Yes, that is my basic objective and the unit of analysis is school. However, I'm also interested whether it is possible to use individual outcome here. I have altogether 339 schools with data from all three time points. There are altogether 108599 students in the data, but as I mentioned, each student has data only from one time point. The variables of interest are gender, age, parental smoking, general attitudes towards smoking (these I would like to keep on individual level), school type and four variables related to school tobacco control policies (aggregated to schoollevel). The studied intervention relates to legislation so there is no specific intervention variable in the data, the time perspective is important for that.
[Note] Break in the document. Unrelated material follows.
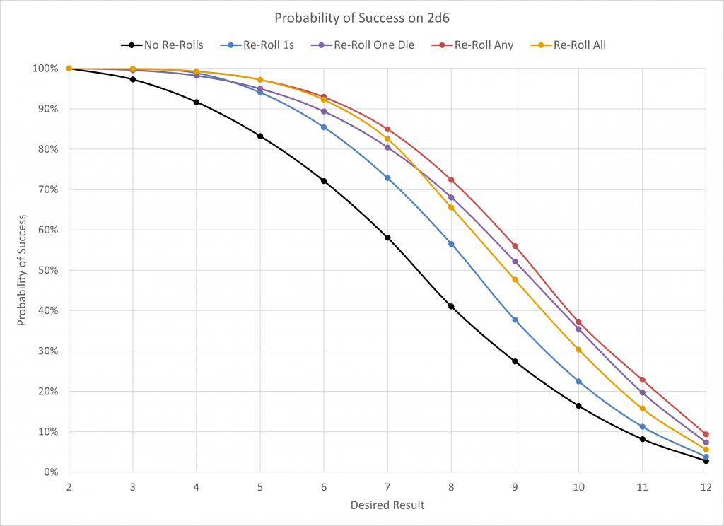 dice, not roll, meaning that it is identical to the 8th Edition CP re-roll and is much more powerful. You can see the effect below in the difference between the re-roll one die and re-roll all lines; the same is also true of charge rolls.
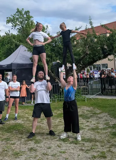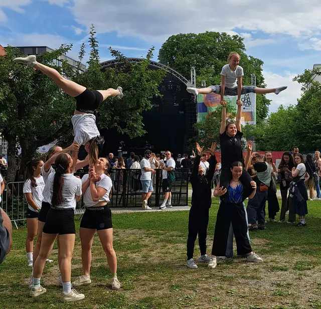 Am 28.7.23 war es so weit und das Warten hatte ein Ende. Um 17:00 - 18:00 Uhr auf dem Rathausplatz und um 19:00 - 20:00 Uhr auf dem Elias-Holl-Platz waren unsere Auftritte geplant. Auf dem Rathausplatz stand eine Bühne zur Verfügung, die wir teilweise nutzen konnten. Für die spektakulären Flugelemente unserer Leistungssportler war das Bühnendach leider drei Meter zu niedrig. Um 16:30 Uhr bauten wir unser Equipment auf und unsere Gruppen begannen sich aufzuwärmen und ihre Choreografien nochmals...

Then is the outcome for current student smoking, which could be used on individual level or aggregated to school mean. If I wanted to study possible moderation effects (e.g. of some schoollevel policy), what would be a suitable model to test that in this setting? I very much appreciate your help! 

Nina Wirtz posted on Wednesday, March 11, 2015  3:57 am



Dear Bengt, I am currently trying to model a crosslevel interaction with a level 1 predictor (x), a level 2 moderator (z) and a level 2 outcome (y). k is a level 2 control variable. (See Syntax below). 1. By not defining x as WITHIN variable, I am looking at the latent betweenlevel part of x on level 2. However, as I am only using x on level 2 , I am actually forced to do so. If I define x as WITHIN variable I get an error msg. Is there any way around this or is the latent approach in this case (automatically) the preferable one? 2. Is the interaction term defined correctly? I've also tried the XWITH command, but that did not work. 3. Is the interaction term created with the grand meancentered variables or with the raw scores? Thank you very much for your help, I greatly appreciate it! Nina Syntax: usevar = x z k y Iact; MISSING = All(999); CLUSTER IS team; BETWEEN ARE y z k; DEFINE: center x z k (grandmean); Iact= x*z; ANALYSIS: TYPE IS TWOLEVEL; ESTIMATOR = ML; MODEL: %WITHIN% %BETWEEN% x with k; y on k z x Iact; 


1. If you are not interested in level1 relationships, why don't you simply create a clusterlevel version of x using Cluster_mean? Thereby you can do a singlelevel analysis. 2. The interaction definition is fine, but apply it to the cluster mean of x. 3. Grandmean centering is done first. 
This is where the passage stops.